Гуляли в кромешной тьме по саду, искали светлячков, не нашли.
Бруно и Ира прокатились на велосипедах – 16 км проехали!
Здесь не было связи, все телефоны молчали, как вдруг затрезвонил домашний:
– Настюш, как вы там, комары ещё не заели?
– Ой, Вера! Привет!
Вера, наша подруга из Ростока, самая наша давняя подруга ещё из Потсдамских времён, скучала, бедная, дома одна:
– У мужа Mucke[57], сын на праздники приехал и сразу, само собой, по друзьям. Поросёнок. Но – любимый! Пасхальные каникулы длинные. Позавчера какой-то Gründonnerstag был, вчера Karfreitag, а там и Ostersonntag, и Ostermontag[58] пролетят как один день. И снова на работу. Слушай, я приеду на вернисаж!
Я очень обрадовалась.
– У тебя, правда, получится? Ведь какие-то трудности были?
– Ты про моих беженцев? В нашем лагере вечные трудности. То одно у них, то другое… И напарница уже месяца два на больничном, а я отдувайся. Позвонила ей: так и так, со вторника тоже уйду на больничный, как хочешь, выкручивайся, не то надорвусь. А врач мне, действительно, справку дал – полное нервное истощение. Ну, хорошо, Настюш, всех за меня поцелуй, наговоримся потом, я обязательно приеду! Frohe Ostern и светлой вам пасхи!
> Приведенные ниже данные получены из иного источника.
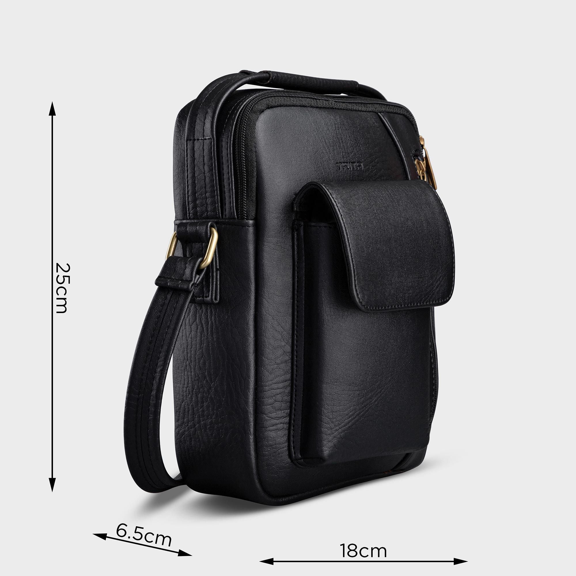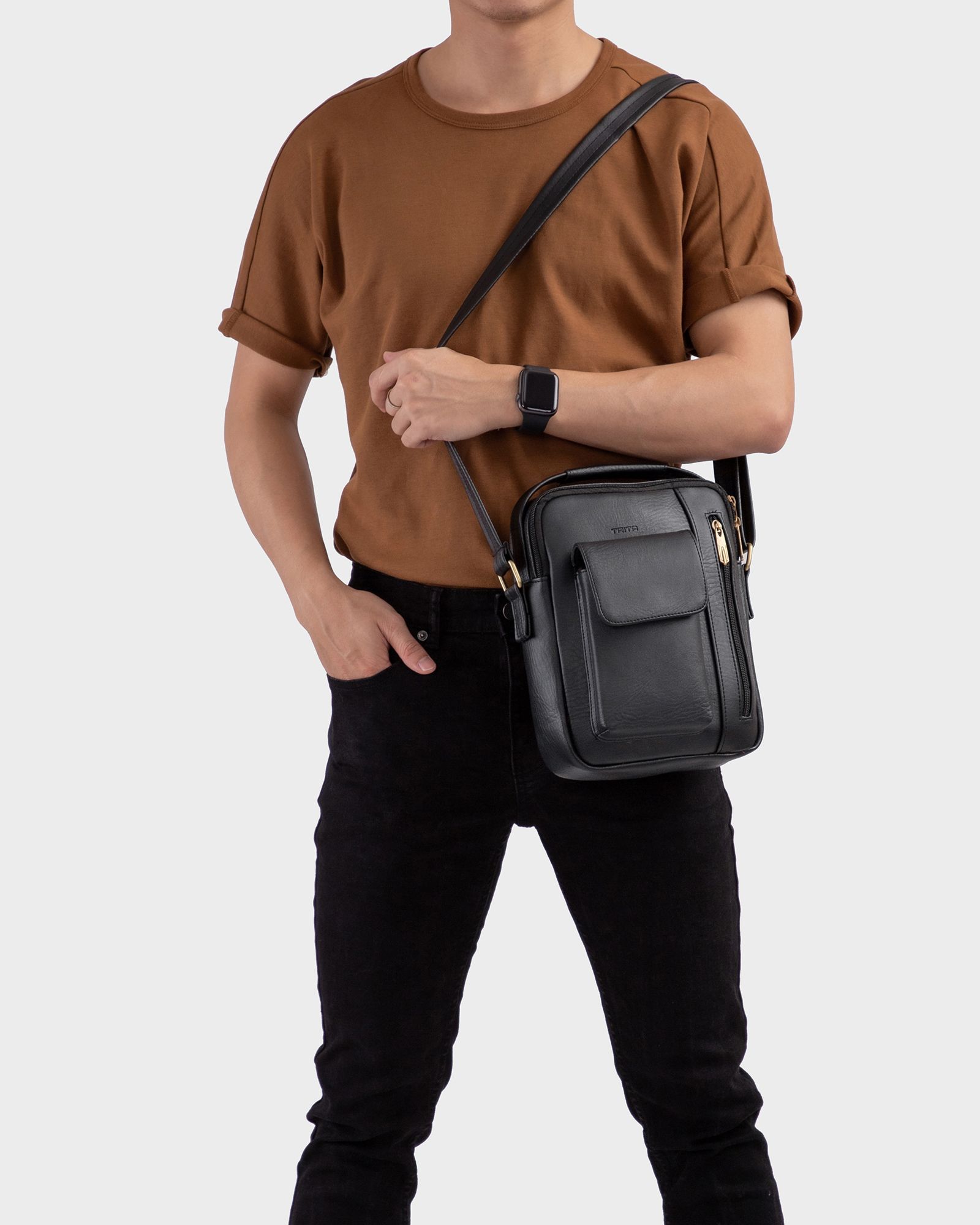 Túi Trita (Thời trang nam phối ngăn - Túi đeo chéo da RTN3D) màu đen

– И вам! Ждём с нетерпением!
Кришан
– Нануся, – сказала Маша, – я люблю тебя и мамочку!
– И я, – сказала Ира, – люблю свою мамочку!
– Ой, – растрогалась Настя, – правда?! Ну вот, какой у меня счастливый день!
Про меня они тоже не забыли:
– Djeda, dich lieben wir auch! Sehr, sehr!
– Ach, habe ich heute auch Glück![59]
Мы встретили Веру, прокатились по Берлину, сели за стол, Маша показала, как она читает:
– Это мягкий знак.
– О! А это какое слово?
– У-г-о-л.
– Угол? А ну-ка, Манюня, покажи, где угол.
Маша побежала выбирать один из углов.
– А теперь смотри внимательно, что здесь написано: уголь. Мягкий знак на конце. Ты знаешь, что такое уголь?
– Нет.
Настя нашла у себя в закутках уголь для рисования, Маша провела несколько линий и увлеклась, а мы наше застолье продолжили. Вспоминали Потсдам, где я с Настей на её выставке познакомился, Сан-Суси, где Вера и Настя встретились.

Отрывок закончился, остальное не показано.